Two months later, he said, he was rearrested by the government for violating terms of his federal release. When he got out again, he was rearrested in Louisiana for passing small counterfeit checks – for food, he said – and sentenced to 44 years in the Louisiana State Penitentiary, but the sentence was overturned after he had served 12 years, court records show. He escaped once, he said, making it into the Mississippi River before the current thwarted him.

Another time, he said, he escaped from a Jackson, Miss., hospital by walking out the door and leaving a sawed bar on the window to confound the authorities. The hacksaw blades had been supplied by Ms. Jackson, who spent nine months in jail as a result.

Meanwhile, Mr. Coney had filed a writ seeking dismissal of the Lufkin charges on constitutional grounds.

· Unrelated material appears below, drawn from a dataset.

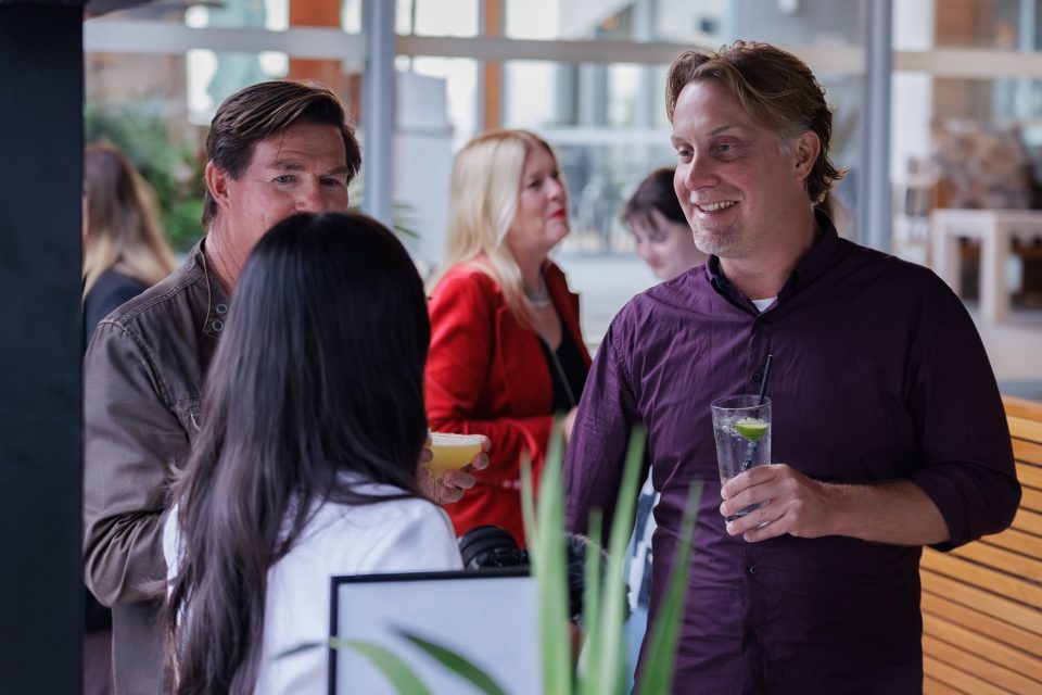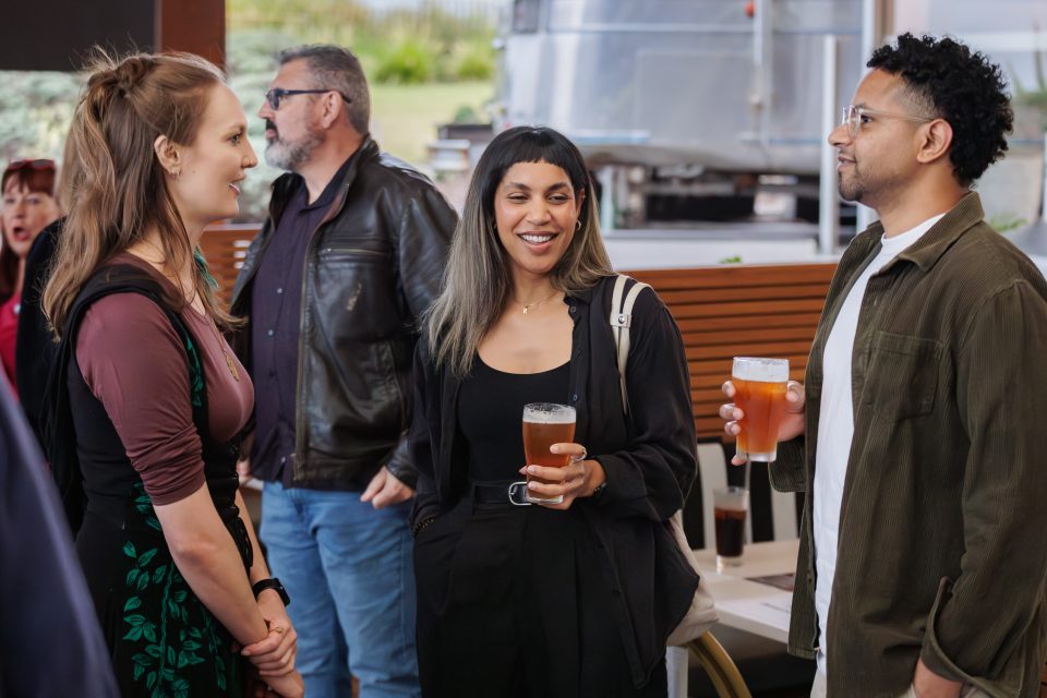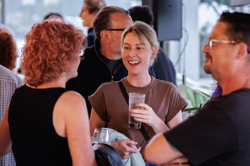 (Left to right) Screen Illawarra’s Juliet Scrine, Tony Barea, Dr Janys Hayes and Nick Bolton, BirdWatcher writer Vlad Zokitch, and Screen Illawarra’s Ashleigh Murray and Lauren Mercovich at the Screen Illawarra networking event, where the judges for the 2025 Creative Wollongong Short Film Competition were announced. Photos: Matt Houston IronBark Photography.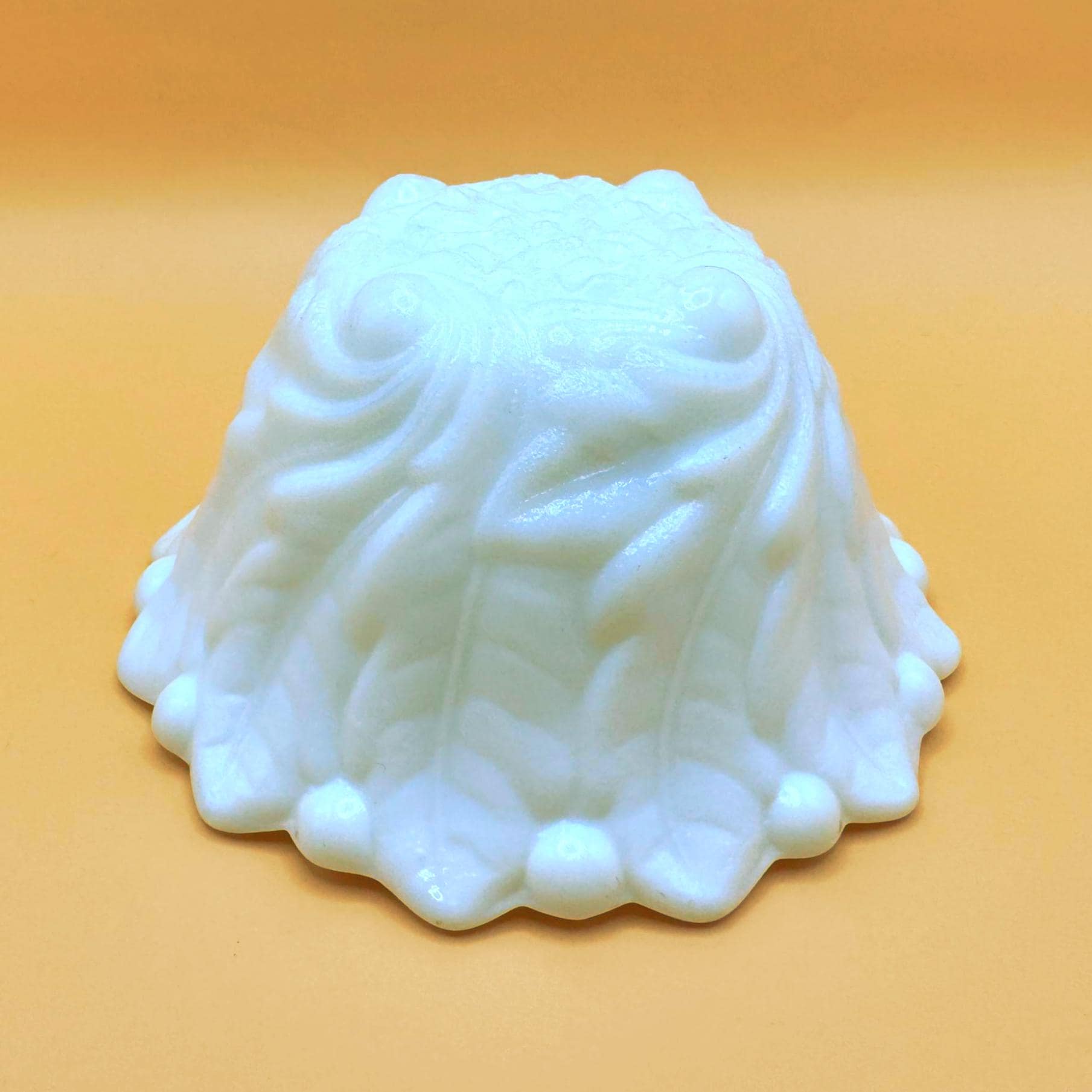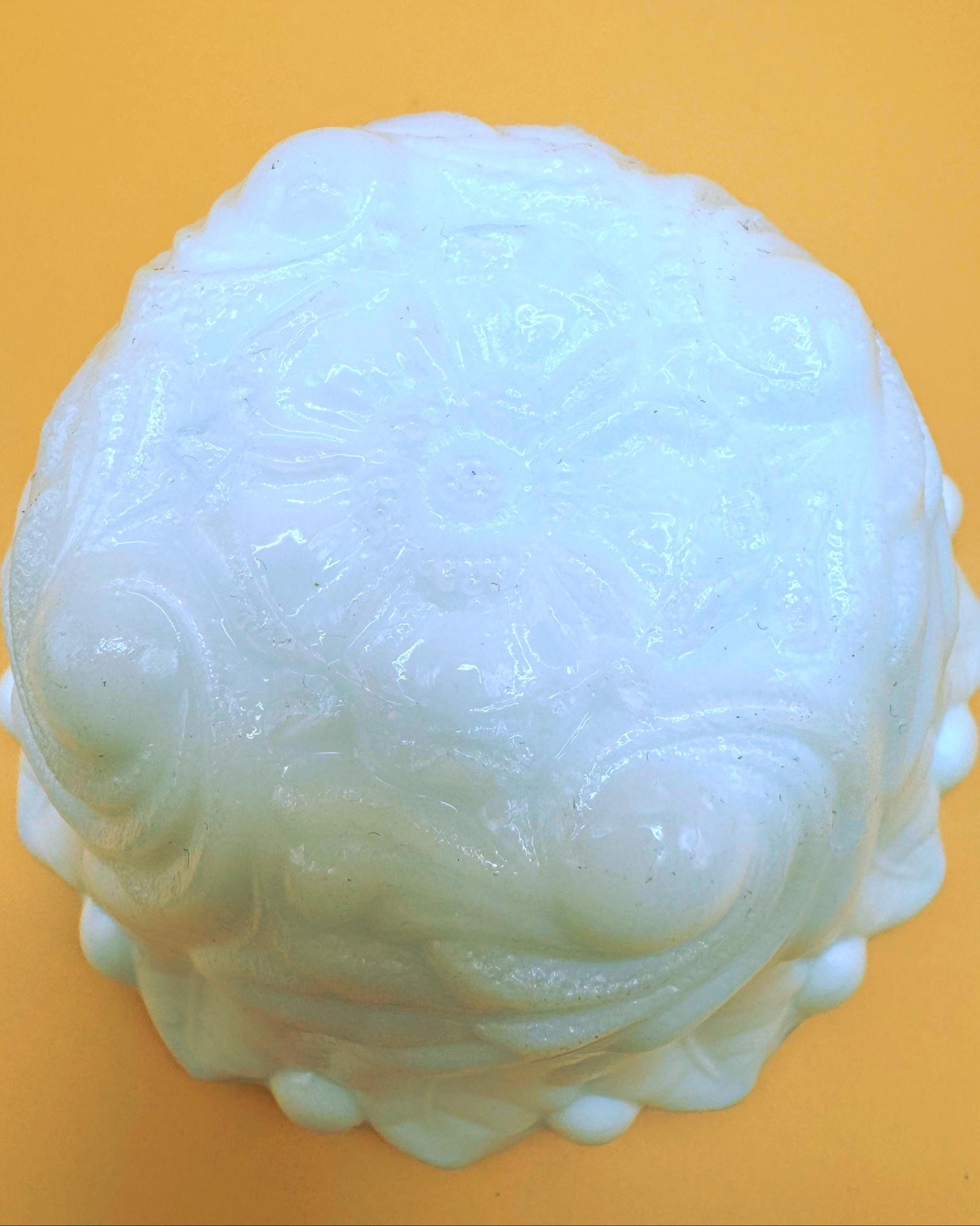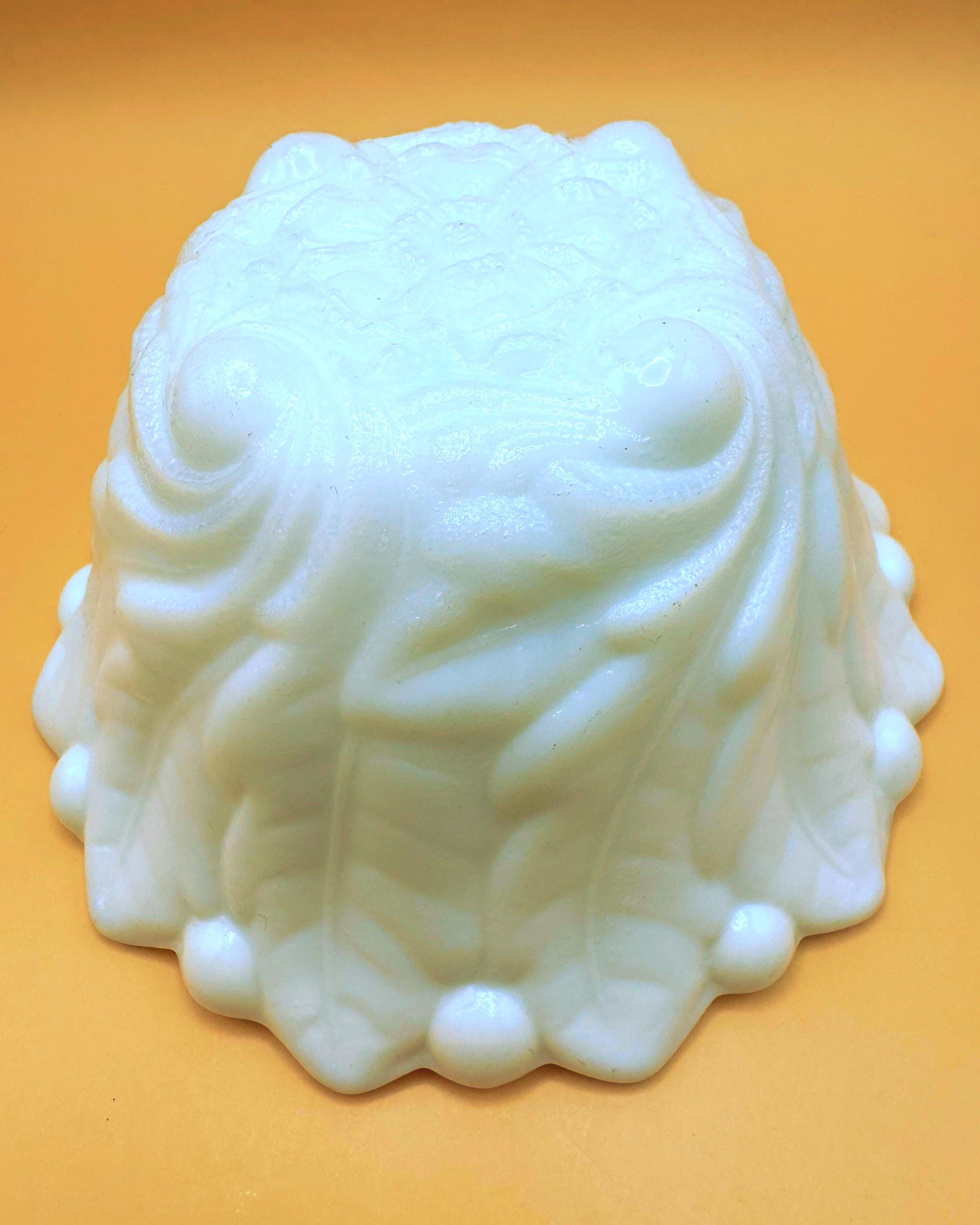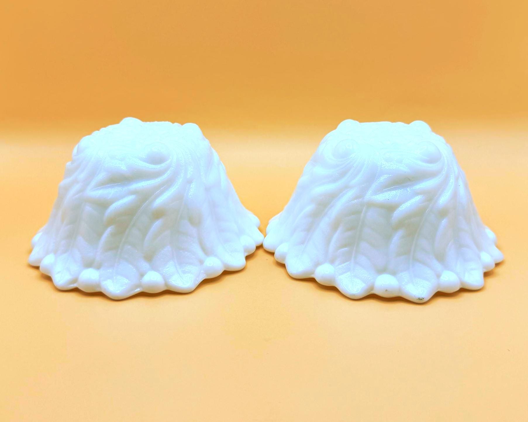 This beautiful set of two vintage milk glass bowls features a classic raised grape and leaf pattern with a softly scalloped edge.

On Sept. 24, 1973, the motion was granted by a Texas district judge in Angelina County, David Walker, who ruled that Mr. Coney “has been found rehabilitated” and “is not a person with present propensities toward violence.” The district attorney concurred.

But no one told Mr. Coney and the order was never put into effect.

In 1983, Mr. Coney was arrested in Mississippi on an assault charge that he describes as a misunderstanding involving a woman wounded by a ricocheting bullet and a plot to murder him for double-indemnity insurance. He got 20 years, during which he worked with AIDS patients and won commendations.

He was released in March 2003. Texas was waiting – returning him to Huntsville to finish out the rest of his life term. But that October he filed a new writ, which set Judge Wilson on his investigation that freed Mr. Coney. He and Shirley were to have been formally married on Friday but the ceremony was put off until Mr. Coney can obtain something better than a prison ID.

Judge Wilson had one final recommendation: “I hope the petitioner hires a good screenwriter.”